(WHAT YOU WILL DO)
Go through the listing below and output exactly the line with "Renoir Suits - Renoir", the line with "Gabbia chalet in", and each line between; omit the rest.

(THE DATA)
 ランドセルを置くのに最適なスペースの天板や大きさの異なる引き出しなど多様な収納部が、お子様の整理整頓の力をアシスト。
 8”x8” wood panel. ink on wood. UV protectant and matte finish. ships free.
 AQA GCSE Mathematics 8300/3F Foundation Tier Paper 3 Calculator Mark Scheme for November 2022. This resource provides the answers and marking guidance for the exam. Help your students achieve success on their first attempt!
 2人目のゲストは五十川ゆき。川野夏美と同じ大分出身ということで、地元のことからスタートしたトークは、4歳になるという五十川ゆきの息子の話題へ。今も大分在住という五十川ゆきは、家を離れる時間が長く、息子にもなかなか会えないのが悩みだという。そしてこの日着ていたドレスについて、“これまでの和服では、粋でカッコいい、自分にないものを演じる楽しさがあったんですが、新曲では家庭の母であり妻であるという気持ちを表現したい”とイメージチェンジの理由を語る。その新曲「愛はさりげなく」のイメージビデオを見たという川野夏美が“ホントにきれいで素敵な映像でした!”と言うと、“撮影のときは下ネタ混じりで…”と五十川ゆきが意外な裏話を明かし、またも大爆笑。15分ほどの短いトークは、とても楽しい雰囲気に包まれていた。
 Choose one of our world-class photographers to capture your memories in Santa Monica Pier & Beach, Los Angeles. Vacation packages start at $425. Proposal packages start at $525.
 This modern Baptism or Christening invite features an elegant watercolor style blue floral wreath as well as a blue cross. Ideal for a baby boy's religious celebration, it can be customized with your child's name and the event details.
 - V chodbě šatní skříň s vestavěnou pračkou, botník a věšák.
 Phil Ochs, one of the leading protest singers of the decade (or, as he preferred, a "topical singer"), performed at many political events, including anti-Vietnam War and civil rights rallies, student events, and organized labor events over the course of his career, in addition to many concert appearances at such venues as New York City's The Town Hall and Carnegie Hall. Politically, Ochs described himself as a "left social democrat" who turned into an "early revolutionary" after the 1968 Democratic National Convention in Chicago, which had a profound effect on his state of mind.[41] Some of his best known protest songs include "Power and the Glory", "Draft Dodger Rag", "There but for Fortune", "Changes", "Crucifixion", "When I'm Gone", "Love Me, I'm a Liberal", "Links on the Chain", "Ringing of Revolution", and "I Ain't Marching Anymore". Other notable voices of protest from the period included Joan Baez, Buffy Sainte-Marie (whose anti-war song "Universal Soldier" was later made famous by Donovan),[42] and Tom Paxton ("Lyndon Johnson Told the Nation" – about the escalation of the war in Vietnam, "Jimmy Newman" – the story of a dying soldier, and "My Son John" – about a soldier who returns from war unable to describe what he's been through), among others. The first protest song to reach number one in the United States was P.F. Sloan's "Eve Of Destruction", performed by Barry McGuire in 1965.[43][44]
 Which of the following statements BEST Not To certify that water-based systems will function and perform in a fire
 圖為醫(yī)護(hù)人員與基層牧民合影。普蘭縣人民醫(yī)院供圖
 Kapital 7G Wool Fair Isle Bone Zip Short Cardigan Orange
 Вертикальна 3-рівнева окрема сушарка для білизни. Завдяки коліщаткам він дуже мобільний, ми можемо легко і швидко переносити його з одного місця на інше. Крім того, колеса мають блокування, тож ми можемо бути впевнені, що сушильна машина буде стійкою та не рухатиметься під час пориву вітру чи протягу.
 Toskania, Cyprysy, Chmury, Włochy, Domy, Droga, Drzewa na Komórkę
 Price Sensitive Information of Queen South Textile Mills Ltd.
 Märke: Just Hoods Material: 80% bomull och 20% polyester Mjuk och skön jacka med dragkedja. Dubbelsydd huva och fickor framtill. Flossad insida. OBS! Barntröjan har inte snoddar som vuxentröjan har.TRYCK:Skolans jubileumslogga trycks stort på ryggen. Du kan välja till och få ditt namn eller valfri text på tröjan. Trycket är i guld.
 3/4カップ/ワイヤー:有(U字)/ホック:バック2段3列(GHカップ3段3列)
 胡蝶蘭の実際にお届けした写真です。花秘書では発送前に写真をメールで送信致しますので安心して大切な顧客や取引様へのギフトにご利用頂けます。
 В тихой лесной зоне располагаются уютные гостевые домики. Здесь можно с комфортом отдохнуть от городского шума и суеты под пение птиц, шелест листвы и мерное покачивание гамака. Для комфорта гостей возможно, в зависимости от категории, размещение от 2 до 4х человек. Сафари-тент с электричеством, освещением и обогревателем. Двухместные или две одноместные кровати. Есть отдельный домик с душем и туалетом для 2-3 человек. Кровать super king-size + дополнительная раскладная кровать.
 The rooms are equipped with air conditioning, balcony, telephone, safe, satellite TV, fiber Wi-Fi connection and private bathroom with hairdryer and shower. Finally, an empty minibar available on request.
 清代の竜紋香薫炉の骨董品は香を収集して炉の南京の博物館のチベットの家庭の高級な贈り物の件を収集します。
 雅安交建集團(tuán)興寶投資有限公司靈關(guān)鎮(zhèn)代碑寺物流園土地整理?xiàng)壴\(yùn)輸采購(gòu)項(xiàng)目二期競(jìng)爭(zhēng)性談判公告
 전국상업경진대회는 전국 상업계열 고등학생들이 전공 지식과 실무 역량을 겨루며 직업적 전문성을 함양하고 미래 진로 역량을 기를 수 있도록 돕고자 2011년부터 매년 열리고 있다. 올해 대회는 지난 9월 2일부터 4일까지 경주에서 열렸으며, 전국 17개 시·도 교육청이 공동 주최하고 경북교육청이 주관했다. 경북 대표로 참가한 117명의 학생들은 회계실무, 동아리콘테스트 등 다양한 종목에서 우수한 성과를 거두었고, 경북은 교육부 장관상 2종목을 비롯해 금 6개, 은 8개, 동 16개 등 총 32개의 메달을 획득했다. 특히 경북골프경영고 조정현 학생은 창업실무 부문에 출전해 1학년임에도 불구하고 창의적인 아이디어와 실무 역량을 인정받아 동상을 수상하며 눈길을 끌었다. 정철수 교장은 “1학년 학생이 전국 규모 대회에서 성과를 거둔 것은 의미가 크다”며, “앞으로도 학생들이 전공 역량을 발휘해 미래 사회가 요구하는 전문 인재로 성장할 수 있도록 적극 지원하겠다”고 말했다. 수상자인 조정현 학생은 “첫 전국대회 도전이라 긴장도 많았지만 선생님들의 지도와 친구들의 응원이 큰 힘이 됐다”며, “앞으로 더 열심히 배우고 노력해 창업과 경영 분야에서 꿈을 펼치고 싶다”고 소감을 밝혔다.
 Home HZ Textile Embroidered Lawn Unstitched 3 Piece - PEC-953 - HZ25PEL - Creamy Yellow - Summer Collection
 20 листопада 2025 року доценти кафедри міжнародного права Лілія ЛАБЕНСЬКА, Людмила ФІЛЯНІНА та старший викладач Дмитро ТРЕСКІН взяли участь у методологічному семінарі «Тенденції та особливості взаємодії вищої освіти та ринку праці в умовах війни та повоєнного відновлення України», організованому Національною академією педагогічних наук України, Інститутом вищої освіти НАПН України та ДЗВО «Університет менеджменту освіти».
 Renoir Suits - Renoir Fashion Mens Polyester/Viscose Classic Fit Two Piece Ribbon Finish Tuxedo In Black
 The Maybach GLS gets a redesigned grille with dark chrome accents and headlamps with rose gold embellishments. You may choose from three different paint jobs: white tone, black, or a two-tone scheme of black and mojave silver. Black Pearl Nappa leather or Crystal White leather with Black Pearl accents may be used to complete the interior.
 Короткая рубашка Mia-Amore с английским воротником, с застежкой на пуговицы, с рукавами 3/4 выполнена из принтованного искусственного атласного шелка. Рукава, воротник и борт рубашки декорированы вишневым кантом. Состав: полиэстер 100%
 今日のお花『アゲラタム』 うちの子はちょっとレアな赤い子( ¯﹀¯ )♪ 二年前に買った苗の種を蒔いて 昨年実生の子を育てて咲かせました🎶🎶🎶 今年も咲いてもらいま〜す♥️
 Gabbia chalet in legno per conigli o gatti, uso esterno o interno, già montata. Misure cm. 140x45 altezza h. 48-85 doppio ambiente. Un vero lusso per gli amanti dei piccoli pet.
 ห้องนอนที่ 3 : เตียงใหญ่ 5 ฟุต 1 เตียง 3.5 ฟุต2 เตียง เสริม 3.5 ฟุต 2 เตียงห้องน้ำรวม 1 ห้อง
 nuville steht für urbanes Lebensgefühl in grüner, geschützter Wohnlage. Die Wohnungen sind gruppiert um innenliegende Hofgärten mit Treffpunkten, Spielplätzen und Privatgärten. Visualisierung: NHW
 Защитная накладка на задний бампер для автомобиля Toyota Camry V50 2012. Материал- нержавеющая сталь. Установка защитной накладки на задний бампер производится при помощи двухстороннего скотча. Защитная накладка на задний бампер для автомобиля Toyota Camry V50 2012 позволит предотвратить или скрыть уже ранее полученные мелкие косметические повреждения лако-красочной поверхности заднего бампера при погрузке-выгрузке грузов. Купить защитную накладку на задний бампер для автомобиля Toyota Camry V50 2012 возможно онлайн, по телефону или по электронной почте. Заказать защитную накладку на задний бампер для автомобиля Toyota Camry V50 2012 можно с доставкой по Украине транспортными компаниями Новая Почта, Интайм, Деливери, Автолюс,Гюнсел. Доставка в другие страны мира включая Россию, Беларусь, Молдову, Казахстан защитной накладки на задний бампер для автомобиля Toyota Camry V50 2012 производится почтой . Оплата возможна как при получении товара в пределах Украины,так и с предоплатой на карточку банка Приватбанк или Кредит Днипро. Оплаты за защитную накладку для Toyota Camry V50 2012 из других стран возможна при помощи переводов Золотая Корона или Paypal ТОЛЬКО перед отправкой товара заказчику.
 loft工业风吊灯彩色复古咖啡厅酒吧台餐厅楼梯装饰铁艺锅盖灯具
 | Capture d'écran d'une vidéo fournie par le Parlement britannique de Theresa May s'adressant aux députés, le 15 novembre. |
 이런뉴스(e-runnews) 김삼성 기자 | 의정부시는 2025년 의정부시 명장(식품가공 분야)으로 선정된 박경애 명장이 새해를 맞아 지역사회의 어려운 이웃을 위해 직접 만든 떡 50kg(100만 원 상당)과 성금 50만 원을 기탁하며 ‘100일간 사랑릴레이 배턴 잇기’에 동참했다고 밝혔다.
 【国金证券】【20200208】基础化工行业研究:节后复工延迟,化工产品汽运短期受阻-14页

(FINISHED TASK)
 Renoir Suits - Renoir Fashion Mens Polyester/Viscose Classic Fit Two Piece Ribbon Finish Tuxedo In Black
 The Maybach GLS gets a redesigned grille with dark chrome accents and headlamps with rose gold embellishments. You may choose from three different paint jobs: white tone, black, or a two-tone scheme of black and mojave silver. Black Pearl Nappa leather or Crystal White leather with Black Pearl accents may be used to complete the interior.
 Короткая рубашка Mia-Amore с английским воротником, с застежкой на пуговицы, с рукавами 3/4 выполнена из принтованного искусственного атласного шелка. Рукава, воротник и борт рубашки декорированы вишневым кантом. Состав: полиэстер 100%
 今日のお花『アゲラタム』 うちの子はちょっとレアな赤い子( ¯﹀¯ )♪ 二年前に買った苗の種を蒔いて 昨年実生の子を育てて咲かせました🎶🎶🎶 今年も咲いてもらいま〜す♥️
 Gabbia chalet in legno per conigli o gatti, uso esterno o interno, già montata. Misure cm. 140x45 altezza h. 48-85 doppio ambiente. Un vero lusso per gli amanti dei piccoli pet.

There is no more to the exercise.